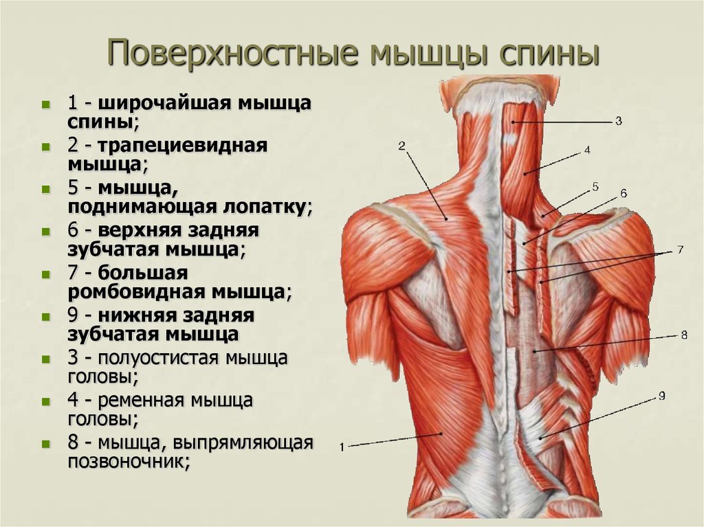 Спина представляет собой попарно сгруппированные мышцы, оплетающие заднюю часть корпуса. Они делятся на две большие группы:
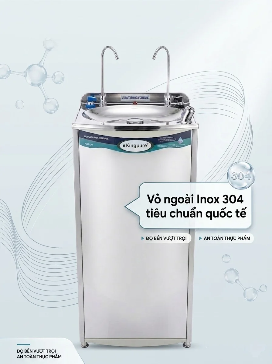 Khác với các dòng máy vỏ nhựa thông thường, Kingpure sử dụng Inox SS304 cao cấp cho toàn bộ lớp vỏ ngoài. Đặc tính của Inox 304 là khả năng chống ăn mòn, không gỉ sét, cực kỳ bền bỉ trong môi trường ẩm ướt và rất dễ vệ sinh. Điều này không chỉ bảo vệ các linh kiện bên trong mà còn giữ cho máy luôn sáng bóng như mới sau nhiều năm sử dụng.
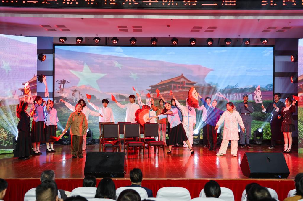 最后,现代港口贸易学院的蒋暄同学演唱了一首悲壮的爱国古风歌曲《赤伶》,展示了“位卑未敢忘忧国”的深厚报国情怀!
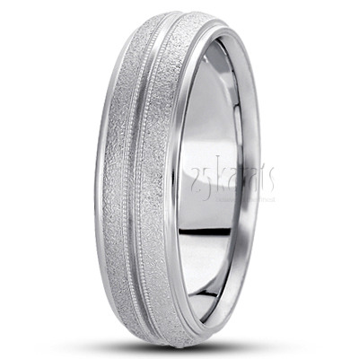 A classic design, this 7mm wide Diamond Carved wedding ring has a deep bright cut at the center, with milgrains on each side. The rest of the body is matte, and it is complete with shiny step edges. This wedding band is also available in 6mm.
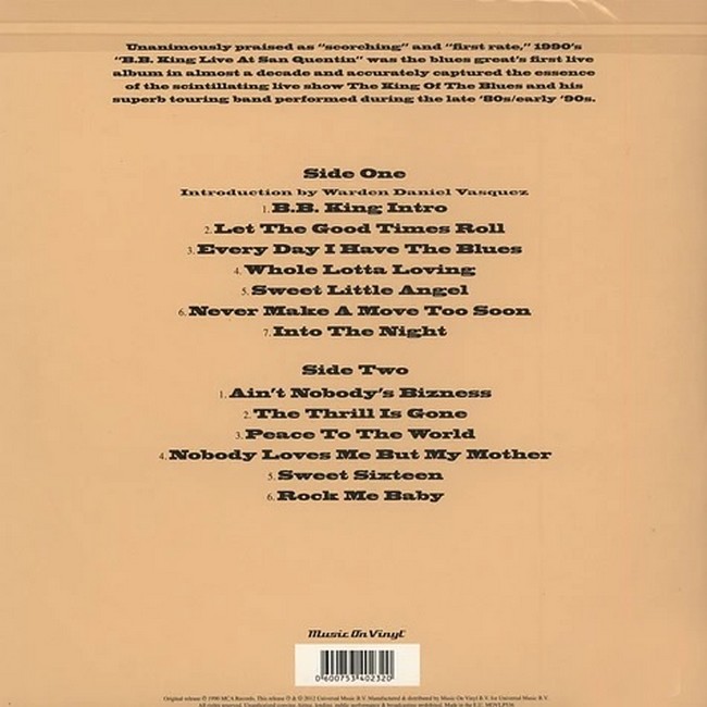 Фірмова вінілова платівка (VINYL)Live at San Quentin is a 1990 live album by blues guitarist B.B. King performed at San Quentin State Prison in Marin County, California.
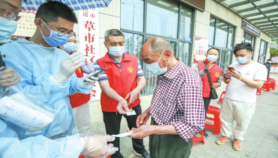 王俊辉是市中级人民法院一名法官助理。当日下午,看到社区微信群发出“动员干部当核酸检测志愿者”的通知后,他立刻报名,下班后便赶到采样现场报到。
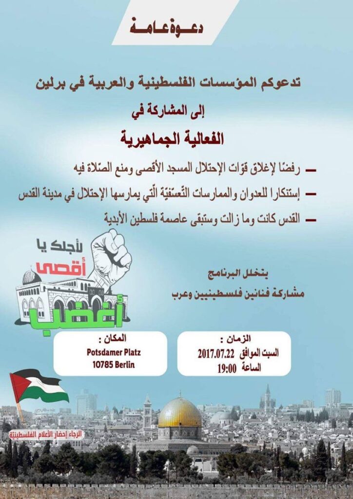 Stand with Palestinian and Arab organizations to defend Al-Aqsa, Jerusalem and Palestine from Israeli occupation attacks.
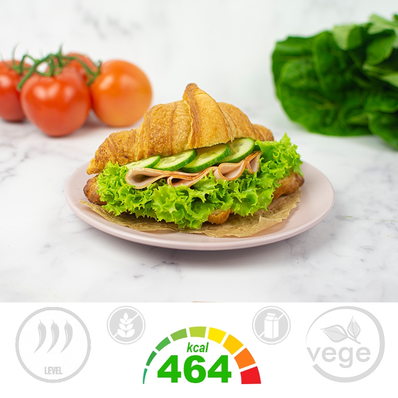 Składniki: Croissant 46,4% (mąka: PSZENNA, prażona słodowa, JĘCZMIENNA, woda, oleje i tłuszcze roślinne: palmowy, słonecznikowy; syrop glukozowo-fruktozowy, drożdże, masło /MLEKO/, cukier, JAJA, siemię lniane brązowe, nasiona słonecznika, sól, nasiona maku, siemię lniane żółte, nasiona dyni, ziarno SEZAMU, GLUTEN PSZENNY, naturalny aromat, enzymy, środek do przetwarzania mąki: kwas askorbinowy), Szynka z indyka 20,6% (filet z piersi indyka 60%, woda, skrobia, sól spożywcza, białko SOJOWE, substancja zagęszczająca: karagen, glukoza, wzmacniacz smaku: glutaminian monosodowy, maltodekstryna, stabilizator: trifosforany, błonnik bambusowy, przeciwutleniacz: izoaskorbinian sodu, aromaty, substancja konserwująca: azotyn sodu), Ogórek 13,8%, Suszone pomidory 6,9% (suszone pomidory, olej słonecznikowy, sól, ocet spirytusowy) 100%), Mix sałat 6,9% (mix sałat (rukola, cykoria escarola, endywia frisee, radicchio), Majonez 5,5% (olej rzepakowy, olej SOJOWY, ocet spirytusowy, żółtko JAJA, przyprawy (GORCZYCA), sól, regulator kwasowości: kwas cytrynowy, naturalny aromat, sól wapniowo-disodowa EDTA).

- - - - -

▶ [ACTION ITEM]
Write the lines out again exactly, beginning at the one containing "A classic design, this" and ending with the last line of the entries, but without any pictures.

▶ [FINAL ANSWER]
 A classic design, this 7mm wide Diamond Carved wedding ring has a deep bright cut at the center, with milgrains on each side. The rest of the body is matte, and it is complete with shiny step edges. This wedding band is also available in 6mm.
 Фірмова вінілова платівка (VINYL)Live at San Quentin is a 1990 live album by blues guitarist B.B. King performed at San Quentin State Prison in Marin County, California.
 王俊辉是市中级人民法院一名法官助理。当日下午,看到社区微信群发出“动员干部当核酸检测志愿者”的通知后,他立刻报名,下班后便赶到采样现场报到。
 Stand with Palestinian and Arab organizations to defend Al-Aqsa, Jerusalem and Palestine from Israeli occupation attacks.
 Składniki: Croissant 46,4% (mąka: PSZENNA, prażona słodowa, JĘCZMIENNA, woda, oleje i tłuszcze roślinne: palmowy, słonecznikowy; syrop glukozowo-fruktozowy, drożdże, masło /MLEKO/, cukier, JAJA, siemię lniane brązowe, nasiona słonecznika, sól, nasiona maku, siemię lniane żółte, nasiona dyni, ziarno SEZAMU, GLUTEN PSZENNY, naturalny aromat, enzymy, środek do przetwarzania mąki: kwas askorbinowy), Szynka z indyka 20,6% (filet z piersi indyka 60%, woda, skrobia, sól spożywcza, białko SOJOWE, substancja zagęszczająca: karagen, glukoza, wzmacniacz smaku: glutaminian monosodowy, maltodekstryna, stabilizator: trifosforany, błonnik bambusowy, przeciwutleniacz: izoaskorbinian sodu, aromaty, substancja konserwująca: azotyn sodu), Ogórek 13,8%, Suszone pomidory 6,9% (suszone pomidory, olej słonecznikowy, sól, ocet spirytusowy) 100%), Mix sałat 6,9% (mix sałat (rukola, cykoria escarola, endywia frisee, radicchio), Majonez 5,5% (olej rzepakowy, olej SOJOWY, ocet spirytusowy, żółtko JAJA, przyprawy (GORCZYCA), sól, regulator kwasowości: kwas cytrynowy, naturalny aromat, sól wapniowo-disodowa EDTA).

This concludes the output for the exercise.